Experimental Investigation of Proppant Flow and Transport Dynamics Through Fracture Intersections

TL;DR

This study experimentally examines how fracture intersection angles, fluid viscosity, flow rates, and proppant concentration influence proppant transport in hydraulic fractures, revealing that intersection angles significantly affect flow dynamics and proppant settlement.

Contribution

It provides new insights into the effects of fracture intersection angles on proppant transport, a previously underexplored aspect in fracture flow studies.

Findings

Proppant transport is highly sensitive to fluid viscosity and flow rates.

Fracture intersection angle significantly influences proppant velocity and settlement.
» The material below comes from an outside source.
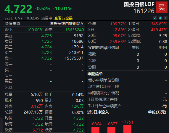 1月29日国投白银LOF连续第二天涨停,溢价率达64%。1月30日,国投白银LOF全天停牌。

Proppant volumetric concentration has limited impact compared to other factors.

Abstract

This paper investigates proppant flow and transport in intersected fractures at angles typical for intersections of pre-existing and new hydraulic fractures. Proppant is small granular material, which is placed into hydraulic fractures during geothermal and hydrocarbon reservoir stimulation and props the fluid paths open during reservoir exploitation. This study uses plexiglas laboratory slot experiments enhanced with an advanced image analysis for identifying particle trajectories and quantifying slurry velocities. Although proppant flow and transport has been broadly studied, the effects of intersecting fracture angles have not, especially coupled with fluid viscosities, flow rates, and proppant volumetric concentration effects. This paper specifically investigates the role of intermediate fracture angles, which have been identified to occur most frequently when the new hydraulic fractures intercept the existing ones. Results show that proppant flow and transport behavior after the intersection is very sensitive to carrying fluid viscosity and flow rates alteration, while differentiating proppant volumetric concentrations have a limited effect. Fracture intersection angle itself has a clear effect on proppant flow velocities and proppant settlement; furthermore, it enhances the effects from fluid viscosity, fluid flow rates, and proppant volumetric concentrations.